[<prev] [next>] [<thread-prev] [day] [month] [year] [list]
Message-ID: <4F225A57.5090408@st.com>
Date: Fri, 27 Jan 2012 13:33:35 +0530
From: Pratyush Anand <pratyush.anand@...com>
To: "Dave, Tushar N" <tushar.n.dave@...el.com>
Cc: Greg KH <greg@...ah.com>,
Pratyush Anand <pratyush.anand@...il.com>,
"e1000-devel@...ts.sourceforge.net"
<e1000-devel@...ts.sourceforge.net>,
"netdev@...r.kernel.org" <netdev@...r.kernel.org>,
Shiraz HASHIM <shiraz.hashim@...com>,
Deepak SIKRI <deepak.sikri@...com>,
Bhavna YADAV <bhavna.yadav@...com>,
"linux-pci@...r.kernel.org" <linux-pci@...r.kernel.org>,
Linux NICS <linuxnics@...lbox.intel.com>
Subject: Re: Detected Hardware Unit Hang on Intel Wired Ethernet
Hello Tushar,
On 1/27/2012 2:57 AM, Dave, Tushar N wrote:
>> -----Original Message-----
>> From: Pratyush Anand [mailto:pratyush.anand@...com]
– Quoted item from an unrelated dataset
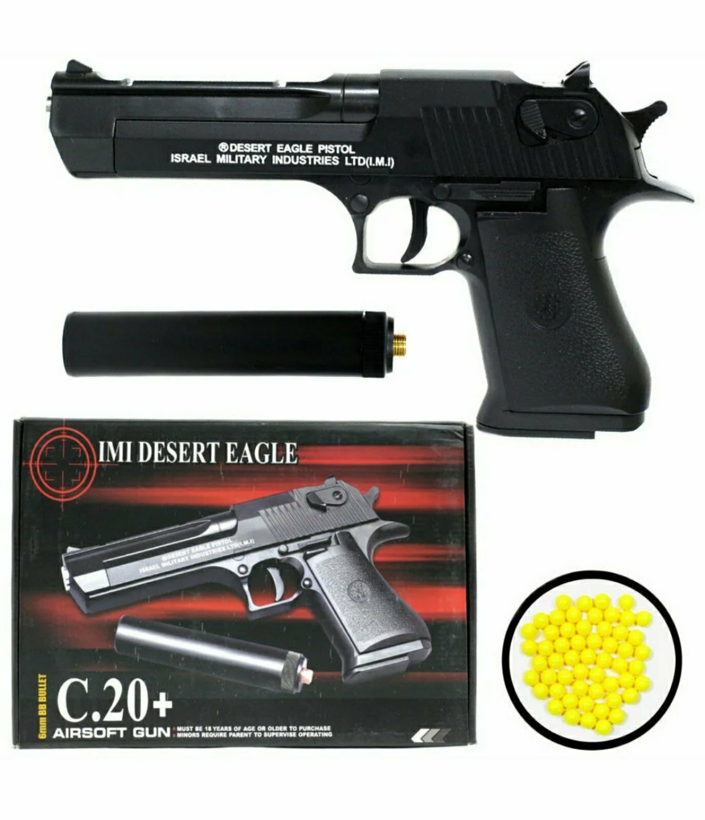 Детский металлический пневматический пистолет Desert Eagle с глушителем Airsoft Gun C.20+ интересное:

>> Sent: Tuesday, January 10, 2012 7:34 PM
>> To: Dave, Tushar N
>> Cc: Greg KH; Pratyush Anand; e1000-devel@...ts.sourceforge.net;
>> netdev@...r.kernel.org; Shiraz HASHIM; Deepak SIKRI; Bhavna YADAV; linux-
>> pci@...r.kernel.org; Linux NICS
>> Subject: Re: Detected Hardware Unit Hang on Intel Wired Ethernet
>>
>> As I said earlier, issue is reproducible if I try to keep my
>> rootfilesystem over NFS. So, after the booting, kernel tries to mount
>> rootfs over NFS and it crashes. So, I see issue even before I can reach
>> to # prompt. How can I use "ethtool -s ethx msglvl 0x3c00" to enable any
>> debug message. May be I can directly change in kernel code to enable this.
>
> Any update on this? Did you change in-kernel driver source to print the driver HW ring?
> If you did and had reproduced the issue please send me the full dmesg log along with bus trace and I'll take a look.
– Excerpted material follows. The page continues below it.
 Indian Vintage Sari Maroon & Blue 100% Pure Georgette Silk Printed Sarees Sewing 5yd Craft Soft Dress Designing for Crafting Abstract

I am not able to work with this.
Busy with some other work.
Will get back ,when I again start working with this issue.
Thanks for your support.
Regards
Pratyush
>
> -Tushar
>
>>> -----Original Message-----
>>> From: Pratyush Anand [mailto:pratyush.anand@...com]
>>> Sent: Monday, January 09, 2012 8:21 PM
>>> To: Dave, Tushar N
>>> Cc: Greg KH; Pratyush Anand; e1000-devel@...ts.sourceforge.net;
>> netdev@...r.kernel.org; Shiraz HASHIM; Deepak SIKRI; Bhavna YADAV; linux-
>> pci@...r.kernel.org; Linux NICS
>>> Subject: Re: Detected Hardware Unit Hang on Intel Wired Ethernet
>>>
>>> On 1/7/2012 12:25 AM, Dave, Tushar N wrote:
>>>> Pratyush,
>>>>
>>>> Sorry I got your name reversed.
>>>> Are you using in-kernel driver or one from Sourceforge.
>>>
>>> I am using in-kernel driver from kernel 2.6.37.
>>>
>>>> Please send me output of ethtool -i ethx.
>>>
>>> root@....168.1.10:~# ethtool -i eth0
>>> driver: e1000e
>>> version: 1.2.7-k2
>>> firmware-version: 5.11-8
>>> bus-info: 0000:01:00.0
>>>
>>> Regards
>>> Pratyush
>>>
>>>>
>>>> -Tushar
>>>>
>>>> -----Original Message-----
>>>> From: Pratyush Anand [mailto:pratyush.anand@...com]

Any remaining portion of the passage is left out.